Task instructions: Leaving out the pictures, restate each record below word for word.

*** Information shown ***

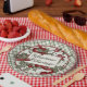 -Weihnachts-Holly-CHRISTMAS-BLESSINGS Weihnachtsfest und Beeren Element in Bändern verpackt und mit einem einfachen Urlaubspruch überzogen. Der Satz lautet: Weihnachts-Segnungen. Das Element sitzt auf einem Polka-Punkt-Hintergrund in der Mitte eines Skallopierrahmens. Der äußere Teil des Rahmens ist ein koordinierender, in Rot getrimmter karierter Hintergrund. Die Koordination von Polka Dot Hintergrund, kariert und Elemente sind verfügbar. Die Farbtöne sind Rot, Grüntöne und cremig weiß.
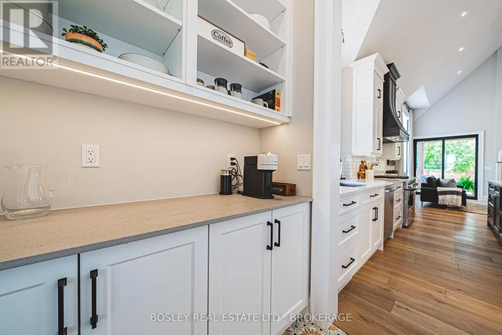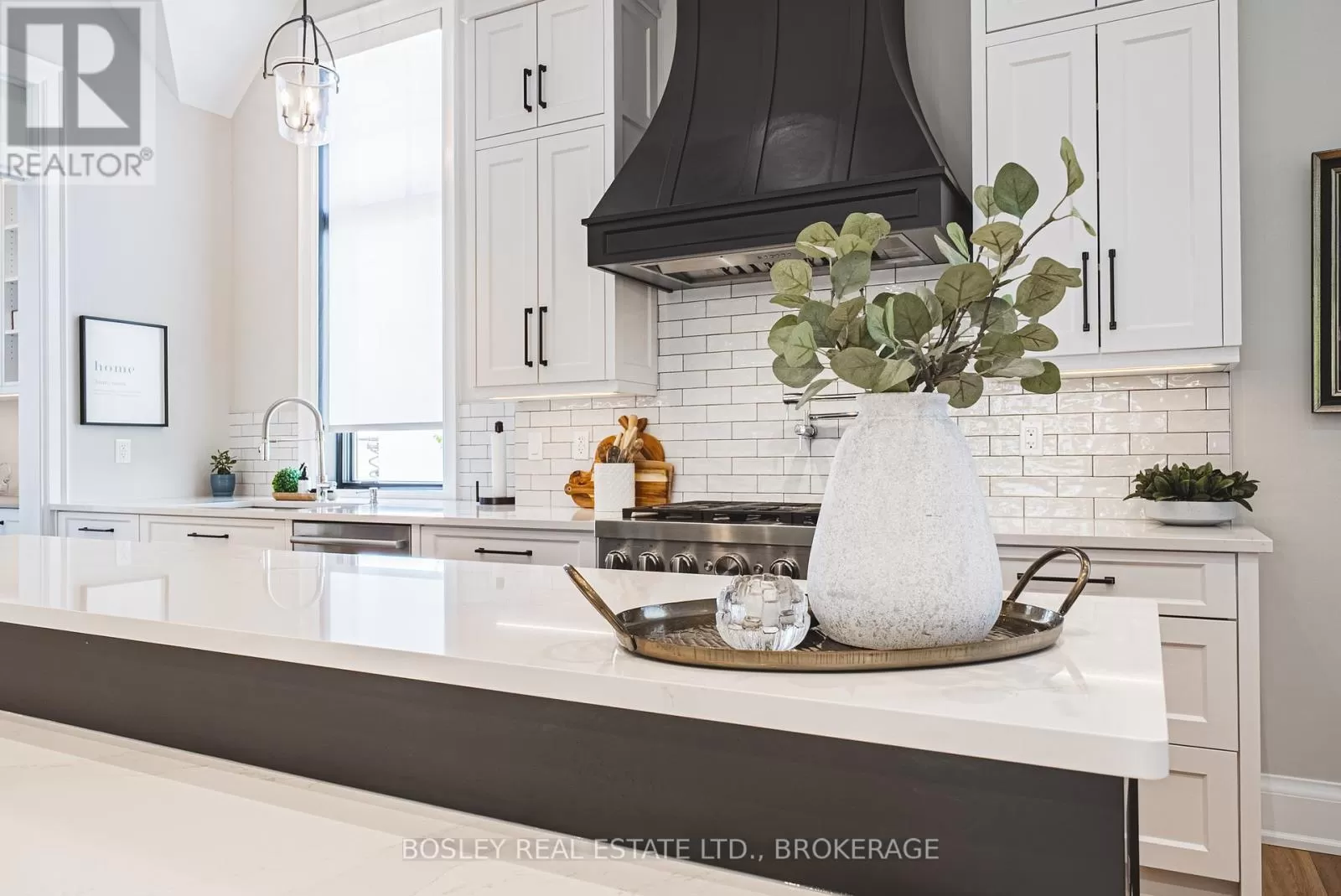 Cross Streets: Four Mile Creek Rd/York. ** Directions: North on Four Mile Creek Rd. from York Millpond on Left Side. Discover 110 Millpond Road, a stunning custom-designed bungalow built by Ridgeline Homes, one of Niagara's local boutique builders. Located in the charming Village of St. David's, Niagara-on-the-Lake, surrounded by award-winning wineries, restaurants, and golf courses, all just minutes from Highway 405. The property features professional landscaping, hardscaping and irrigation system, plus a double-wide aggregate driveway and elegant stone walkways leading to multiple tranquil sitting terraces perfect for relaxation. Inside, the open-concept kitchen, living, and dining room is simply breathtaking. The gourmet kitchen boasts custom cabinetry, a massive island, and a stylish butler's pantry. The living room features a gas fireplace with modern mantle surround, while the inviting dining area is ideal for hosting large gatherings. The attention to detail throughout this home is remarkable. Impressive ceiling heights, unique architectural angles and arches, expansive windows flood every space with natural light, creating an airy and sophisticated ambiance. The primary bedroom is a serene retreat with a spacious walk-in closet and a luxurious five-piece ensuite bath, including in-floor heating, a custom double-sink vanity, a deep soaker tub, and a spacious walk-in glass shower. The equally gorgeous second bedroom features vaulted ceilings and warm hardwood flooring, along with a convenient three-piece ensuite privilege bath. The main floor is completed by a highly functional mudroom with ample custom cabinetry and a well-designed laundry room. The lower level is unfinished but fully insulated, offering a fantastic opportunity to create an additional living space of your own creation. (id:27476)
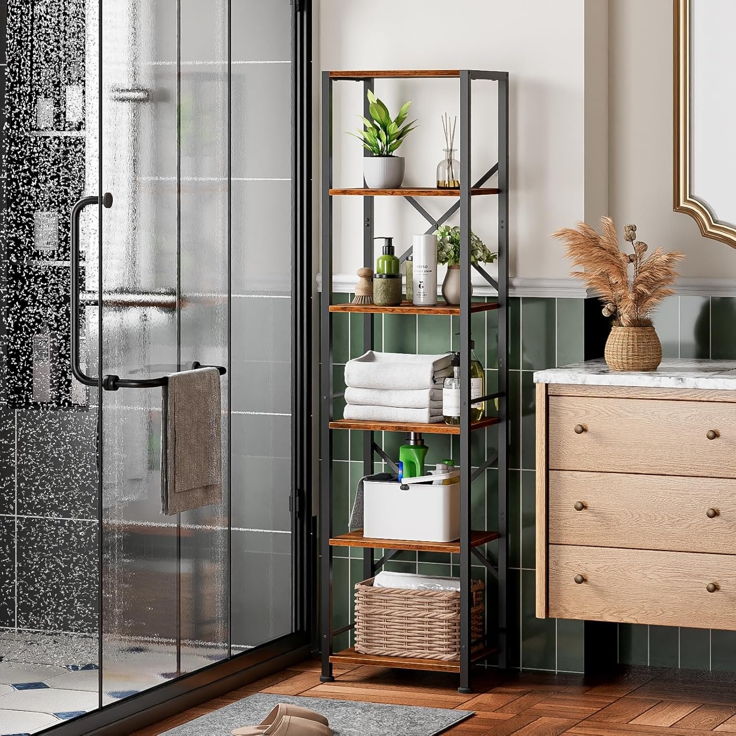 [Fit for Any Room]: Our tall bookcase compact design means it takes up a small floor space to make full use of your vertical space, so its perfect size fits any room. Modern and rustic appearance makes it easy to match with other furniture. You can place it in the living room, bedroom, office, balcony, entrance, hallway, bathroom, kitchen, garage, etc. Add a touch of stylish charm to your home or apartment!
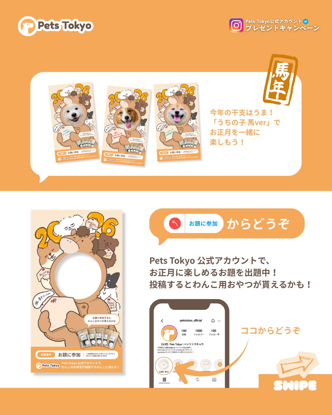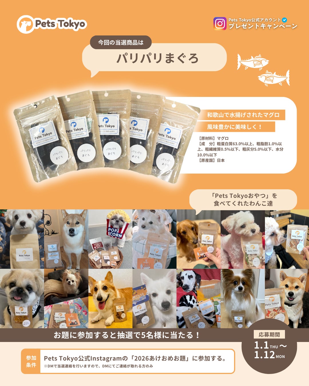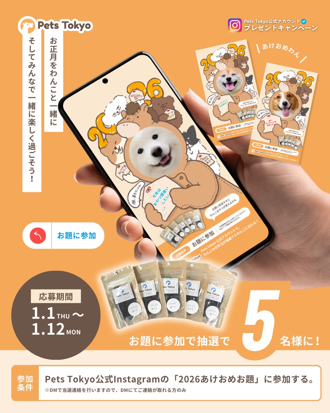 Lehman Holdings株式会社のグループ会社である、Pets Tokyo株式会社(本社:東京都千代田区、代表取締役:Raymond)は、「あけおめお題に参加でおやつを当てよう!」を公式Instagramにて開催いたします。当キャンペーンでは、お家時間が長くなるお正月にうちの子と楽しい時間を過ごして欲しいという想いで行っております。
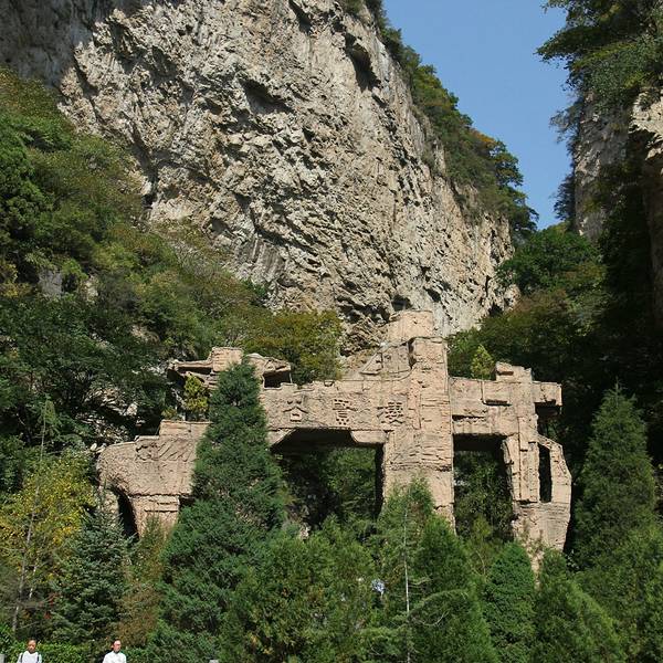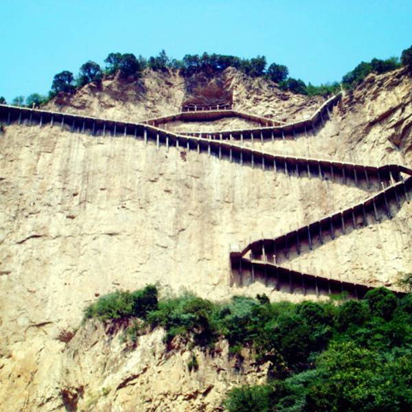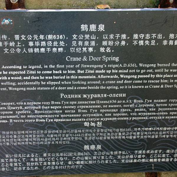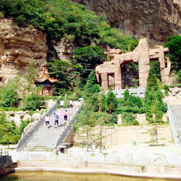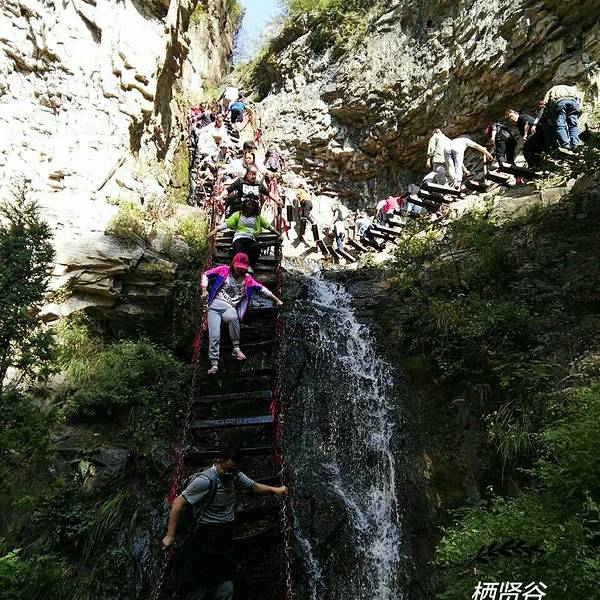 栖贤谷这是一道蜿蜒而上、九曲一线天的狭谷两边怪石嶙峋,少有草木,须攀十余架天梯才能通过。当年介之推母子就是经这里到达归隐地的。

***

Reply to the task:
 -Weihnachts-Holly-CHRISTMAS-BLESSINGS Weihnachtsfest und Beeren Element in Bändern verpackt und mit einem einfachen Urlaubspruch überzogen. Der Satz lautet: Weihnachts-Segnungen. Das Element sitzt auf einem Polka-Punkt-Hintergrund in der Mitte eines Skallopierrahmens. Der äußere Teil des Rahmens ist ein koordinierender, in Rot getrimmter karierter Hintergrund. Die Koordination von Polka Dot Hintergrund, kariert und Elemente sind verfügbar. Die Farbtöne sind Rot, Grüntöne und cremig weiß.
 Cross Streets: Four Mile Creek Rd/York. ** Directions: North on Four Mile Creek Rd. from York Millpond on Left Side. Discover 110 Millpond Road, a stunning custom-designed bungalow built by Ridgeline Homes, one of Niagara's local boutique builders. Located in the charming Village of St. David's, Niagara-on-the-Lake, surrounded by award-winning wineries, restaurants, and golf courses, all just minutes from Highway 405. The property features professional landscaping, hardscaping and irrigation system, plus a double-wide aggregate driveway and elegant stone walkways leading to multiple tranquil sitting terraces perfect for relaxation. Inside, the open-concept kitchen, living, and dining room is simply breathtaking. The gourmet kitchen boasts custom cabinetry, a massive island, and a stylish butler's pantry. The living room features a gas fireplace with modern mantle surround, while the inviting dining area is ideal for hosting large gatherings. The attention to detail throughout this home is remarkable. Impressive ceiling heights, unique architectural angles and arches, expansive windows flood every space with natural light, creating an airy and sophisticated ambiance. The primary bedroom is a serene retreat with a spacious walk-in closet and a luxurious five-piece ensuite bath, including in-floor heating, a custom double-sink vanity, a deep soaker tub, and a spacious walk-in glass shower. The equally gorgeous second bedroom features vaulted ceilings and warm hardwood flooring, along with a convenient three-piece ensuite privilege bath. The main floor is completed by a highly functional mudroom with ample custom cabinetry and a well-designed laundry room. The lower level is unfinished but fully insulated, offering a fantastic opportunity to create an additional living space of your own creation. (id:27476)
 [Fit for Any Room]: Our tall bookcase compact design means it takes up a small floor space to make full use of your vertical space, so its perfect size fits any room. Modern and rustic appearance makes it easy to match with other furniture. You can place it in the living room, bedroom, office, balcony, entrance, hallway, bathroom, kitchen, garage, etc. Add a touch of stylish charm to your home or apartment!
 Lehman Holdings株式会社のグループ会社である、Pets Tokyo株式会社(本社:東京都千代田区、代表取締役:Raymond)は、「あけおめお題に参加でおやつを当てよう!」を公式Instagramにて開催いたします。当キャンペーンでは、お家時間が長くなるお正月にうちの子と楽しい時間を過ごして欲しいという想いで行っております。
 栖贤谷这是一道蜿蜒而上、九曲一线天的狭谷两边怪石嶙峋,少有草木,须攀十余架天梯才能通过。当年介之推母子就是经这里到达归隐地的。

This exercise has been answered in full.